**TASK ITEM**: A word-for-word copy of all entries is required, without images.

**PROVIDED RECORDS**:
=== Section Start ===

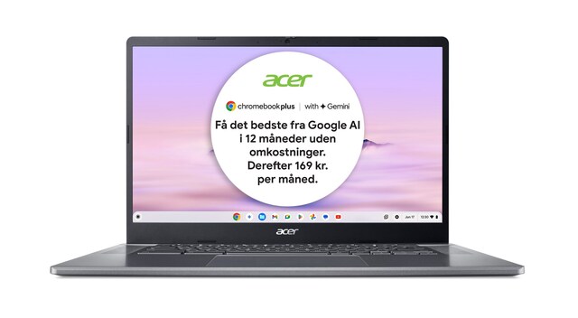 Chat med Gemini direkte fra startskærmen med Chromebook Plus, og få hjælp til at planlægge, skrive, lære og mere med Google AI.
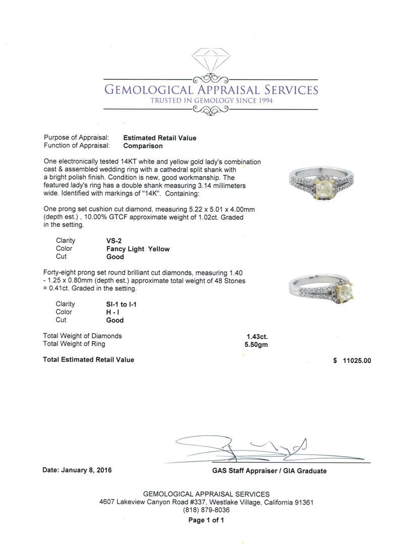 One electronically tested 14KT white and yellow gold lady's combination cast & assembled wedding ring with a cathedral split shank with a bright polish finish. The featured lady's ring has a double shank measuring 3.14 millimeters wide. Identified with markings of "14K". Condition is new, good workmanship. Containing: One prong set cushion cut diamond, measuring 5.22 x 5.01 x 4.00mm (depth est.) , 10.00.%. GTCF approximate weight of 1.02ct. Graded in the setting. Clarity: VS-2 Cut Good Forty-Eight prong set round brilliant cut diamonds, measuring 1.40 - 1.25 x 0.80mm (depth est.) approximate total weight of 48 Stones = 0.41ct. Graded in the setting. Clarity: SI-1 to I-1. Color: H - I. Cut Good. Total Weight of Diamonds 1.43ct. Total Weight of Ring 5.50gm. GAS Appraised at $11,025.00.
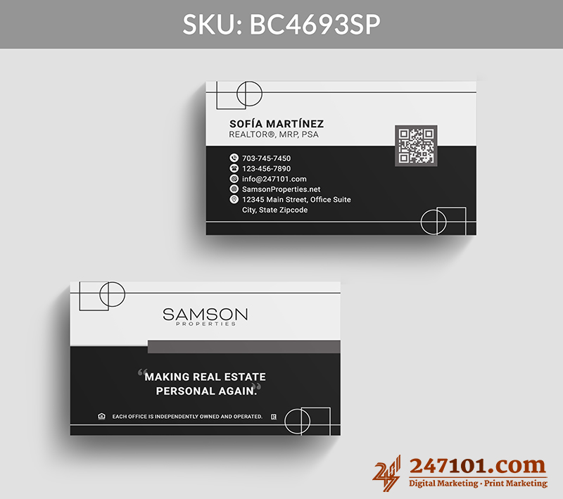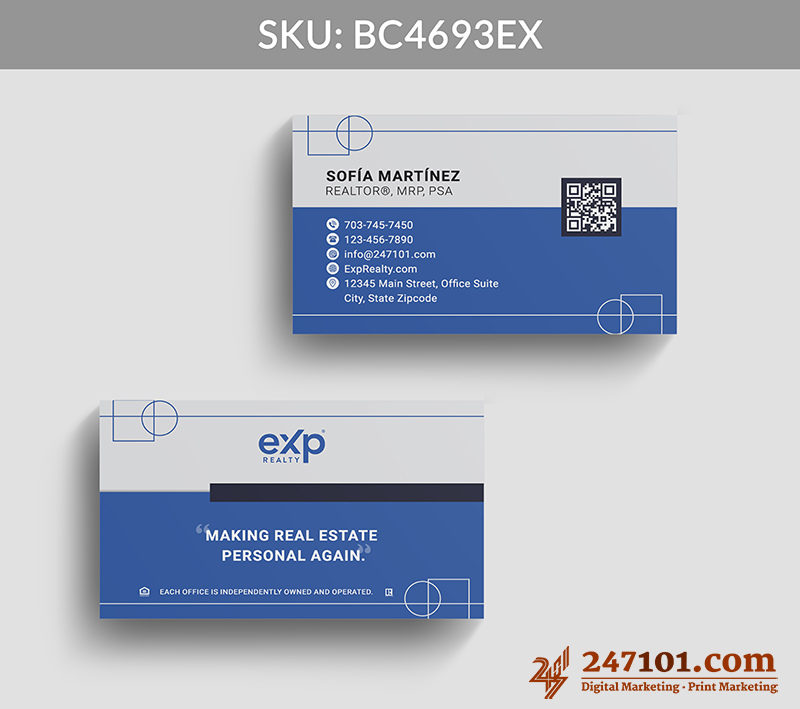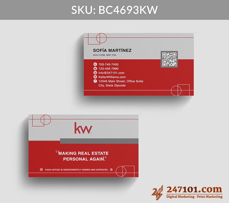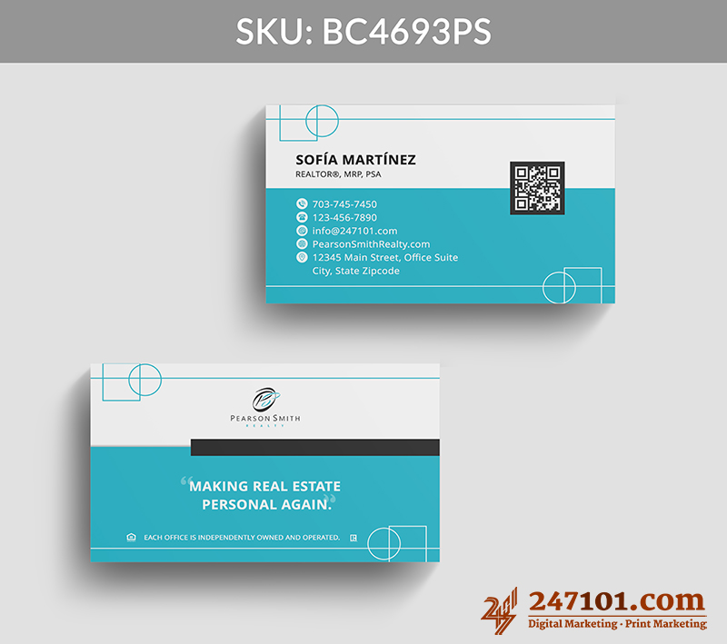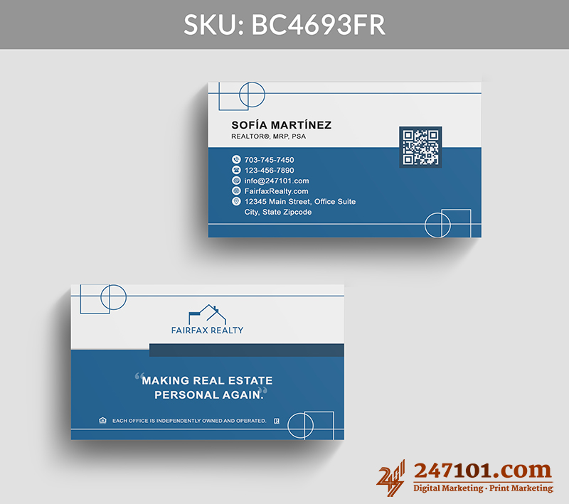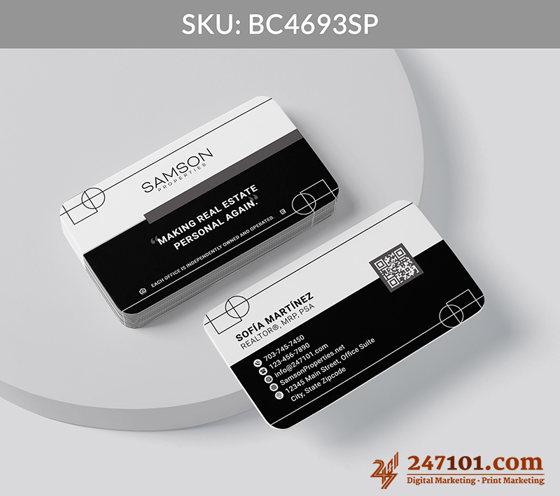 A prominently placed QR code removes friction, allowing clients to connect with your digital profile, listings, or website in seconds.
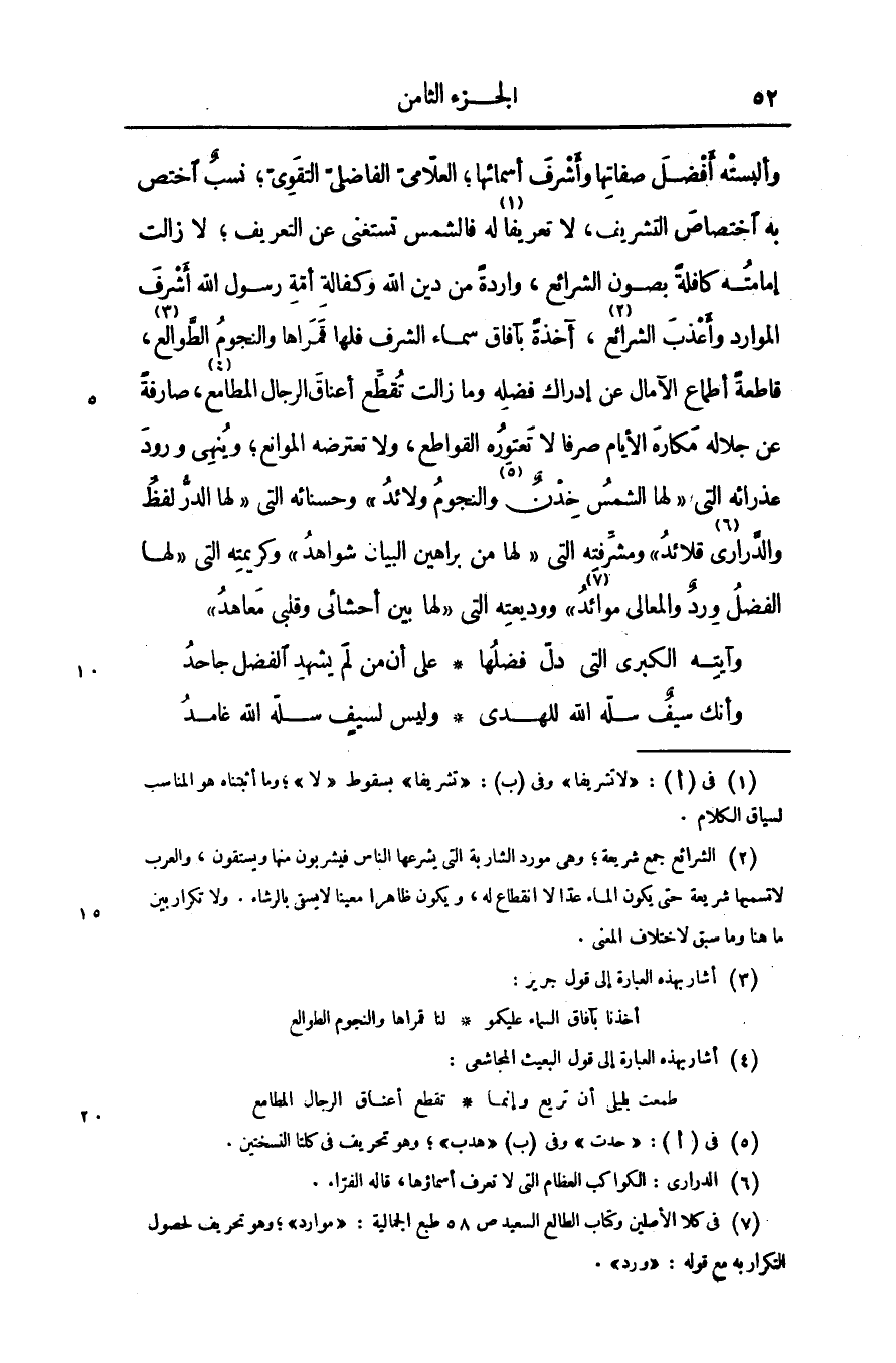 وألبسته أفضل صفاتها وأشرف أسمائها؛ العلّامىّ الفاضلىّ التقوىّ؛ نسب اختص به اختصاص التشريف، لا تعريفا «1» فالشمس تستغنى عن التعريف؛ لا زالت إمامته كافلة بصون الشرائع، واردة من دين الله وكفالة أمّة رسول الله أشرف الموارد وأعذب الشرائع «2» ، آخذة بآفاق سماء الشرف فلها قمراها والنجوم الطّوالع «3» ، قاطعة أطماع الآمال عن إدراك فضله وما زالت تقطّع أعناق الرجال المطامع «4» ، صارفة عن جلاله مكاره الأيام صرفا لا تعتوره القواطع، ولا تعترضه الموانع؛ وينهى ورود عذرائه التى «لها الشمس خدن «5» والنجوم ولائد» وحسنائه التى «لها الدرّ لفظ والدّرارى «6» قلائد» ومشرّفته التى «لها من براهين البيان شواهد» وكريمته التى «لها الفضل ورد والمعالى موائد «7» ووديعته التى «لها بين أحشائى وقلبى معاهد»
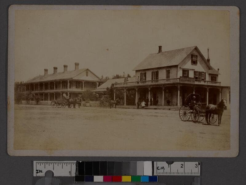 A view of the Santa Monica Hotel with dirt roads and horse and horse-drawn buggy in front in Santa Monica, California.
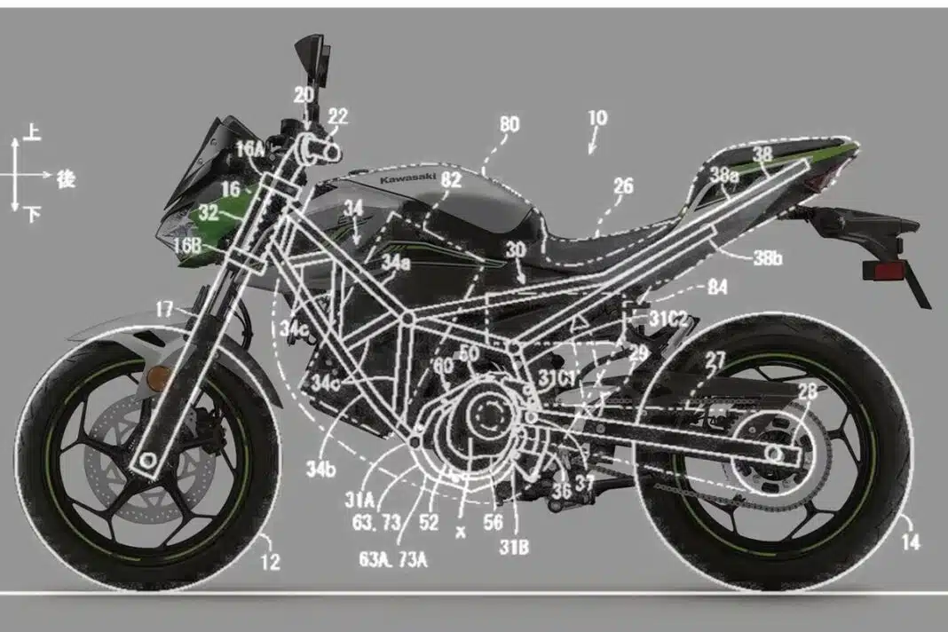 Este tipo de abordagem permite à Kawasaki desenvolver motos elétricas com características distintas — por exemplo, uma naked urbana e uma desportiva leve — partilhando a mesma espinha dorsal estrutural. As imagens associadas à patente mostram uma configuração que recorda os atuais modelos elétricos da marca, como a Kawasaki Z e-1 e a Kawasaki Ninja e-1, embora com diferenças importantes na forma como o motor é integrado.
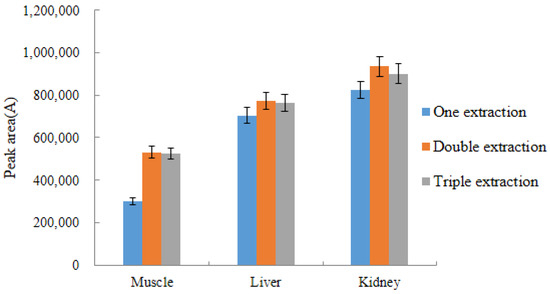 | Chicken muscle | y = 564.28x + 37,020 | 0.9990 | 4.9–3200 | 2.2 | 4.9 | 1032.0 | 1034.1 |
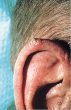 Where is it usually found? These cancers most often develop on skin areas typically exposed to the sun, especially the face, ears, neck, scalp, shoulders and back.
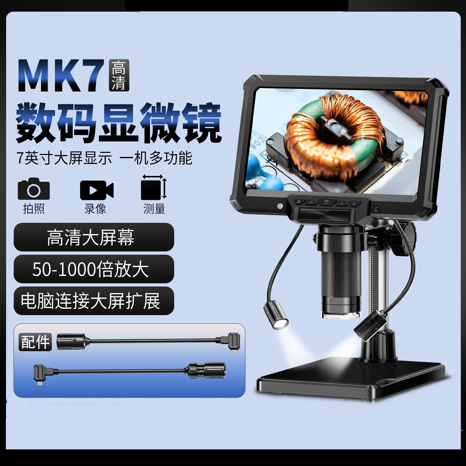 新款7英寸IPS高清数码电子工业显微镜 带2个弯管补光灯 维修检测参数:

=== Section End ===

**REPLY**:
 Chat med Gemini direkte fra startskærmen med Chromebook Plus, og få hjælp til at planlægge, skrive, lære og mere med Google AI.
 One electronically tested 14KT white and yellow gold lady's combination cast & assembled wedding ring with a cathedral split shank with a bright polish finish. The featured lady's ring has a double shank measuring 3.14 millimeters wide. Identified with markings of "14K". Condition is new, good workmanship. Containing: One prong set cushion cut diamond, measuring 5.22 x 5.01 x 4.00mm (depth est.) , 10.00.%. GTCF approximate weight of 1.02ct. Graded in the setting. Clarity: VS-2 Cut Good Forty-Eight prong set round brilliant cut diamonds, measuring 1.40 - 1.25 x 0.80mm (depth est.) approximate total weight of 48 Stones = 0.41ct. Graded in the setting. Clarity: SI-1 to I-1. Color: H - I. Cut Good. Total Weight of Diamonds 1.43ct. Total Weight of Ring 5.50gm. GAS Appraised at $11,025.00.
 A prominently placed QR code removes friction, allowing clients to connect with your digital profile, listings, or website in seconds.
 وألبسته أفضل صفاتها وأشرف أسمائها؛ العلّامىّ الفاضلىّ التقوىّ؛ نسب اختص به اختصاص التشريف، لا تعريفا «1» فالشمس تستغنى عن التعريف؛ لا زالت إمامته كافلة بصون الشرائع، واردة من دين الله وكفالة أمّة رسول الله أشرف الموارد وأعذب الشرائع «2» ، آخذة بآفاق سماء الشرف فلها قمراها والنجوم الطّوالع «3» ، قاطعة أطماع الآمال عن إدراك فضله وما زالت تقطّع أعناق الرجال المطامع «4» ، صارفة عن جلاله مكاره الأيام صرفا لا تعتوره القواطع، ولا تعترضه الموانع؛ وينهى ورود عذرائه التى «لها الشمس خدن «5» والنجوم ولائد» وحسنائه التى «لها الدرّ لفظ والدّرارى «6» قلائد» ومشرّفته التى «لها من براهين البيان شواهد» وكريمته التى «لها الفضل ورد والمعالى موائد «7» ووديعته التى «لها بين أحشائى وقلبى معاهد»
 A view of the Santa Monica Hotel with dirt roads and horse and horse-drawn buggy in front in Santa Monica, California.
 Este tipo de abordagem permite à Kawasaki desenvolver motos elétricas com características distintas — por exemplo, uma naked urbana e uma desportiva leve — partilhando a mesma espinha dorsal estrutural. As imagens associadas à patente mostram uma configuração que recorda os atuais modelos elétricos da marca, como a Kawasaki Z e-1 e a Kawasaki Ninja e-1, embora com diferenças importantes na forma como o motor é integrado.
 | Chicken muscle | y = 564.28x + 37,020 | 0.9990 | 4.9–3200 | 2.2 | 4.9 | 1032.0 | 1034.1 |
 Where is it usually found? These cancers most often develop on skin areas typically exposed to the sun, especially the face, ears, neck, scalp, shoulders and back.
 新款7英寸IPS高清数码电子工业显微镜 带2个弯管补光灯 维修检测参数:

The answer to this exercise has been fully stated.